Since the uprising and subsequent civil war began in 2011, more than nine million Syrians have fled their homes, and over half a million have sought refuge in neighboring Turkey. These days, it’s difficult to walk the streets of Istanbul without hearing a Syrian accent among the crowds or running into displaced Syrian children. Although Syrians face better treatment in this part of the region than in Lebanon or Jordan, where they are often subject to violent racism, their refugee status leaves them vulnerable to all kinds of exploitation, including sexual abuse.
Three times a week, two hours per session, Khalil and Soubani meet with their class at the Sham’una school in Istanbul to oversee both the self-defense portion and the healing circle.
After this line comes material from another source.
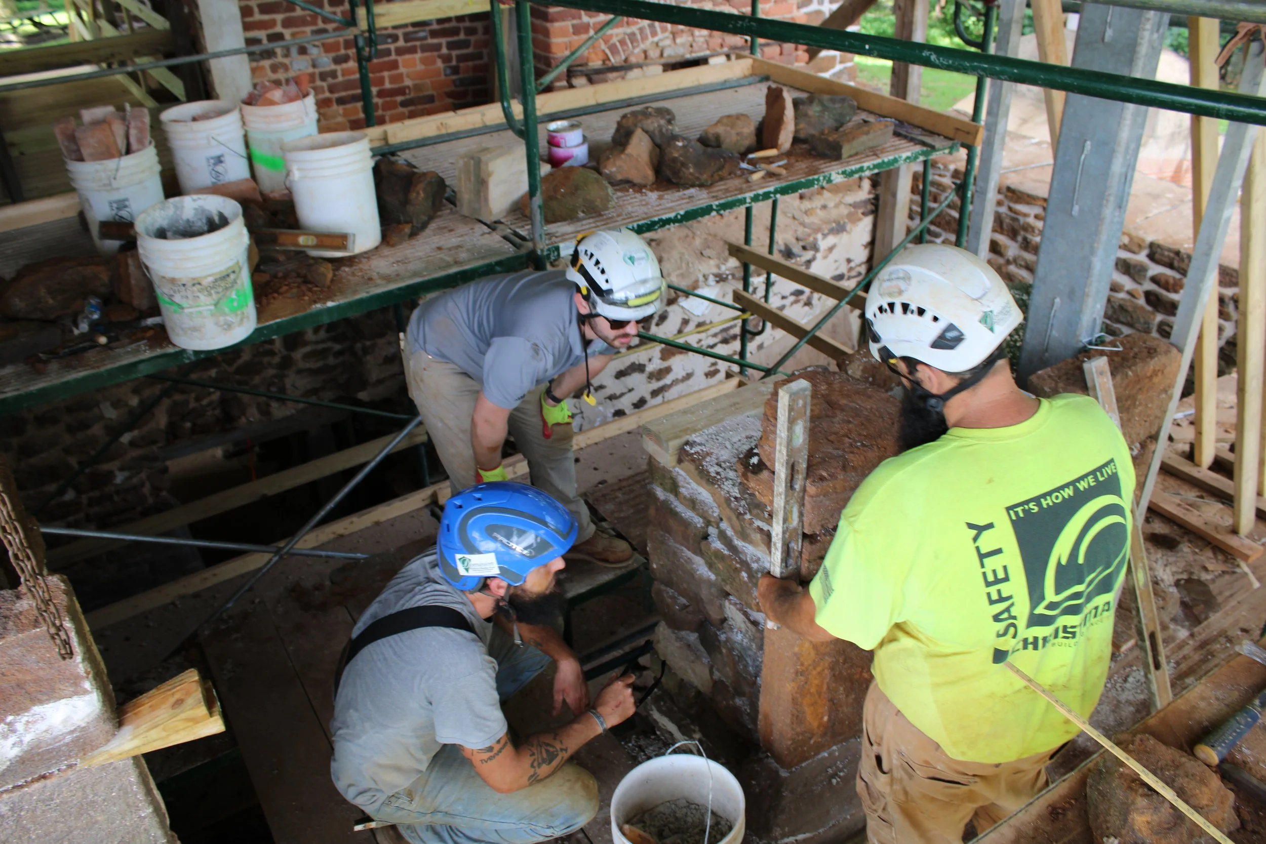 Work on the ruin also began in the summer, specifically on the North wall. Hard hat tours were officially on! Some guests during this time may have also been given a tour by one of our summer interns from William & Mary: Keaton, Lorenzo, and Olivia. You can see a photo archive of work being done on the ruin here.

In the first session, the women are instructed on how to protect and defend themselves against physical transgressions they may face on a daily basis, from employers, acquaintances, or strangers on the streets.
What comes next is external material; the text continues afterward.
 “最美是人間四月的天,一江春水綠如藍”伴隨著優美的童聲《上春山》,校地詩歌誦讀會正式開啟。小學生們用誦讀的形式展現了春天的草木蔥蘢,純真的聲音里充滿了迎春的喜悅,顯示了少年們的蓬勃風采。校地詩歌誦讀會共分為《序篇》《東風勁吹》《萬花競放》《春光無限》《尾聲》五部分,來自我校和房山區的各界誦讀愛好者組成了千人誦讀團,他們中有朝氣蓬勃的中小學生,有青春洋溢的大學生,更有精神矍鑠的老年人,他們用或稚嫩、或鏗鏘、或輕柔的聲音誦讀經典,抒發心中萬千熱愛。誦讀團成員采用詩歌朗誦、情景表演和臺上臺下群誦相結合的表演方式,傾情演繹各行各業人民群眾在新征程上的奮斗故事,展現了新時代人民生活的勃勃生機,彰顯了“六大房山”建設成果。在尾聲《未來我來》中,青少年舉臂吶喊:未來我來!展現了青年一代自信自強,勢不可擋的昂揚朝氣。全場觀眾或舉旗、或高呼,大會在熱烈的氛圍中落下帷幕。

“Our class gives [students] practical ways to really mark their own space,” says Khalil. “We talk a lot about boundary setting and saying no and what is their comfort level with different people.”
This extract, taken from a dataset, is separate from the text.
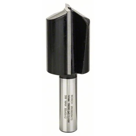 Nutfräser mit Überlänge, zweischneidig, Hartmetall, Schaft: 12 mm, Durchmesser: 30 mm, Arbeitslänge: 40 mm, Gesamtlänge: 81 mm, zum universellen Fräsen, Nuten oder Falzen mit Oberfräsen, zum Formatieren von regelmäßigen oder geschweiften Werkstücken, geeignet für Massivholz, Plattenwerkstoffe wie Span- oder MDF-Platte, Kunststoffe oder abrasive Materialien wie Corian, größere Arbeitslänge für höhere Flexibilität in der Anwendung

A self-defense instructor engages the women in hand-to-hand combat and they play out different scenarios in which they may feel threatened. The self-defense component, however, is only supplementary to the healing circle.
“Although the project started with self-defense as the main goal or purpose, we realized we needed to address the types of violence that are not physical and the ones that happen in other ways,” says Soubani. “In the healing circle, we try to do that.”
During the tough session that Khalil recounted on the blog, she heard poignant stories of how the conflict and its attendant stressors shredded relationships with mothers and best friends. But the most difficult experience came as they moved on to discussing why people stay in unhealthy relationships. One of the older participants forcefully advocated for all Syrian refugees to stick together and forgive each other, no matter what. Khalil had the impression that this elder considered dysfunctional personal relationships to be petty concerns when compared to the collective experience of surviving Syria’s unrest. But younger participants were not so sure. Some tried to counter that their individual feelings were still valid, even in the face of widespread violence and displacement. Khalil was torn as to how to support these women with conflicting opinions, and allow space for the less strident to have their voices heard while giving due respect to the elder woman and her worldview.
“I feel that I could have been more proactive with facilitating; less neutral,” she mused on the blog.
Apart from inter-community strife, many of the women have to deal with the uncertainty and isolation that comes with being a refugee. Hariri, a 23-year-old Syrian woman from the city of Dar’aa, originally fled to Saudi Arabia with her family when the conflict first began. When they realized it wasn’t going to end any time soon, they moved to Istanbul, where she could finish her degree in biology.
“For a time, I just stayed at home, cut off from society,” says Hariri. “There was a period of one to two years where I did not mix with other people, and when I did, it was with people who were harmful to me.”
Hariri says attending the healing circles, meeting other women, and learning how to defend herself have allowed her to rebuild her life in Istanbul. It has also transformed the way carries herself.
“Now when I walk alone, I can do it with some confidence,” says Hariri. “I used to be afraid, afraid for my safety. But now I even take my time walking outside.”